A logical value indicating whether a series of barplots is produced showing the largest (in absolute value) standardized residuals per attribute for each cluster (default = FALSE)

topstdres

Number of largest standardized residuals used to describe each cluster (default = 20). Works only in combination with cludesc = TRUE

attlabs

Vector of custom attribute labels; if not provided, default labeling is applied

subplot

A logical value indicating whether a subplot with the full distribution of the standardized residuals will appear at the bottom left corner of the corresponding plots. Works only in combination with cludesc = TRUE

binary

A logical value indicating whether the visualization refers to a dataset of binary variables

…

Further arguments to be transferred to clusmca()

Value

The function returns a ggplot2 scatterplot of the solution obtained via clusmca() that can be further customized using the ggplot2 package. When cludesc = TRUE the function also returns a series of ggplot2 barplots showing the largest (or all) standardized residuals per attribute for each cluster.

References

Hwang, H., Dillon, W. R., and Takane, Y. (2006). An extension of multiple correspondence analysis for identifying heterogenous subgroups of respondents. Psychometrika, 71, 161-171.

Iodice D'Enza, A., and Palumbo, F. (2013). Iterative factor clustering of binary data. Computational Statistics, 28(2), 789-807.

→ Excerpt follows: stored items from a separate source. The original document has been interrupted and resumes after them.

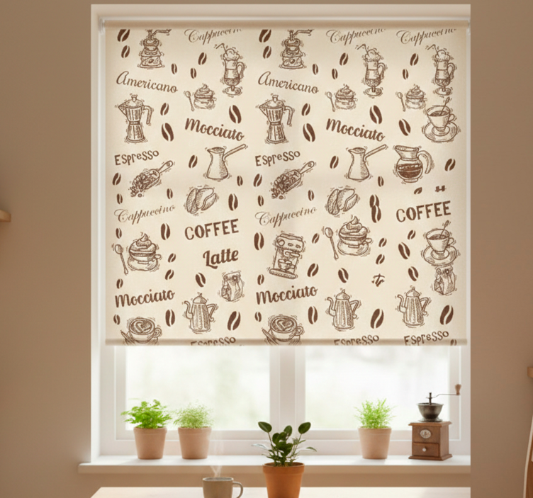 Estore de rolo para cozinha padrões de nomes em café 3d
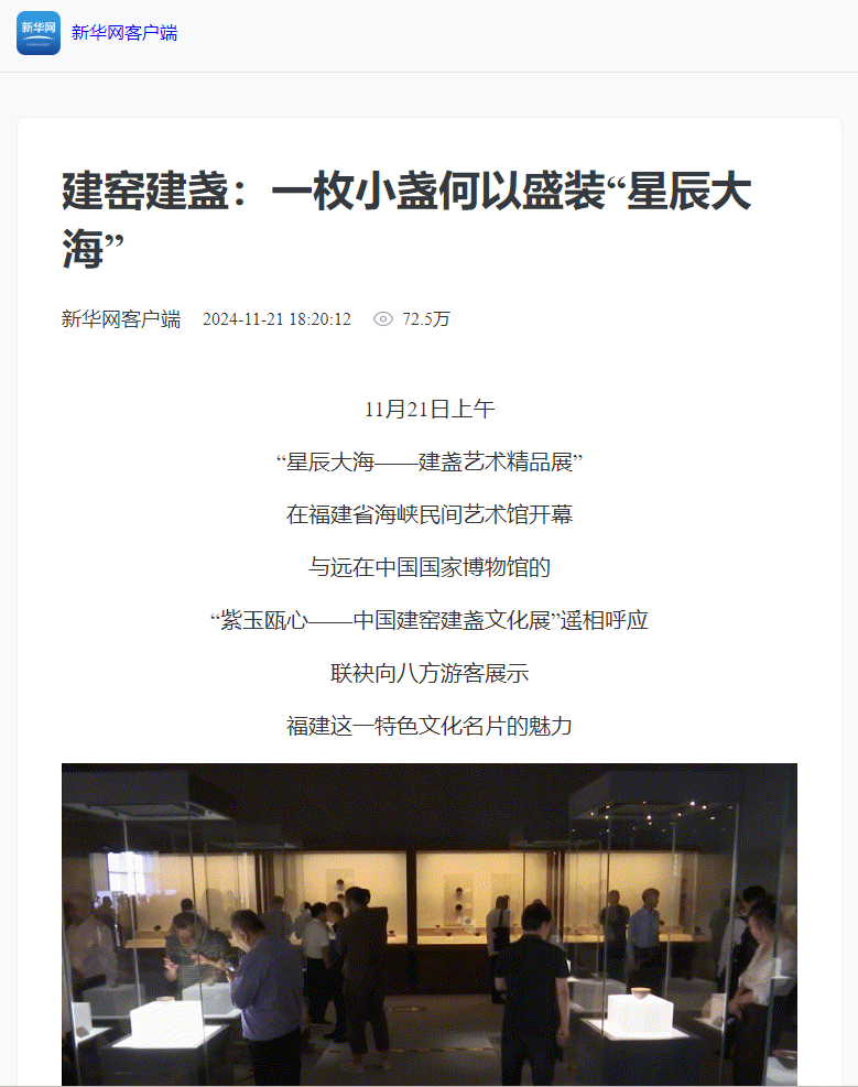 11月21日,新華網刊發《建窯建盞:一枚小盞何以盛裝“星辰大海”》 11月21日上午 “星辰大海——建盞藝術精品展” 在福建省海峽民間藝術館開幕 與遠在中國國家博物館的 “紫玉甌心——中國建窯建盞文化展”遙相呼應 聯袂向八方游客展示 福建這一特色文化名片的魅力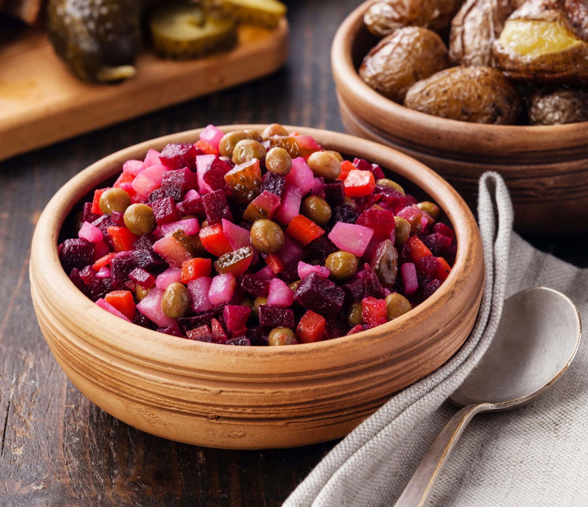 5. Boil the red beets for 25 minutes, then peel and dice the beets to 1/4″ (same as the potatoes and carrots). Add to the dressing and stir.
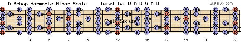 d-a-d-g-a-d d bebop harmonic minor scale for guitar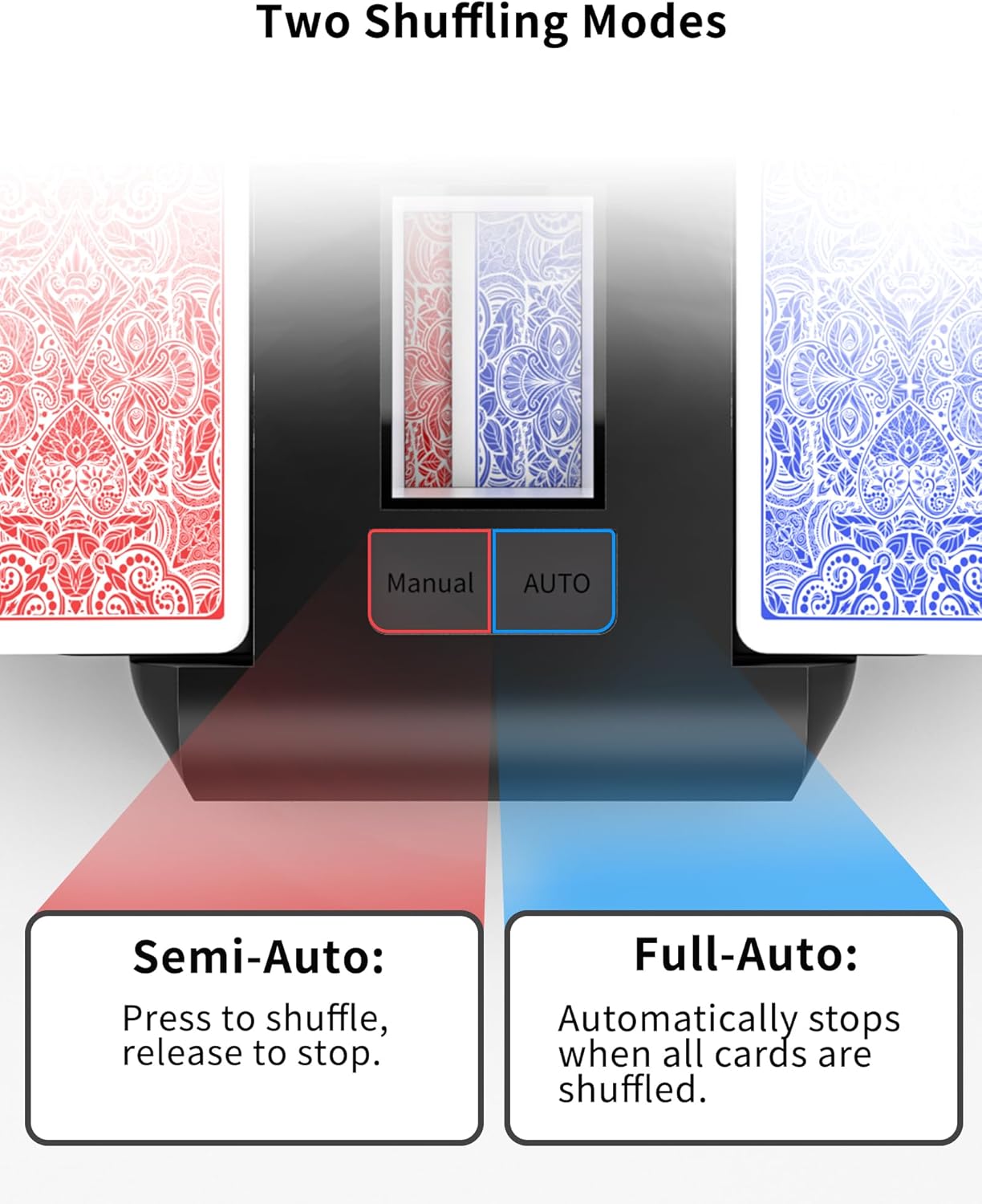 • 【Full-Auto & Semi-Auto Shuffle Modes】 In Full-Auto mode, a single press shuffles all cards and stops automatically. For precise control, Semi-Auto mode lets you hold to shuffle and release to stop.

van de Velden M., Iodice D'Enza, A., and Palumbo, F. (2017). Cluster correspondence analysis. Psychometrika, 82(1), 158-185.

Examples

Run this code

# NOT RUN {
data("hsq")
#Cluster Correspondence Analysis with 3 clusters in 2 dimensions after 10 random starts
outclusCA = clusmca(hsq[,1:8], 3, 2, nstart = 10)
#Save the ggplot2 scatterplot  
map = plot(outclusCA)$map
#Customization (adding titles)
map + ggtitle(paste("Cluster CA plot of the hsq data: 3 clusters of sizes ", 
paste(outclusCA$size, collapse = ", "),sep = "")) + 
xlab("Dim. 1") + ylab("Dim. 2") + 
theme(plot.title = element_text(size = 10, face = "bold", hjust = 0.5))

data("hsq")
#i-FCB with 4 clusters in 3 dimensions after 10 random starts
outclusCA = clusmca(hsq[,1:8], 4, 3, method = "iFCB", nstart= 10)
#Scatterlot with the observations only (dimensions 1 and 3) 
#and cluster description plots showing the 20 largest std. residuals 
#(with the full distribution showing in subplots)
plot(outclusCA, dim = c(1,3), what = c(TRUE, FALSE), cludesc = TRUE, 
subplot = TRUE)
# }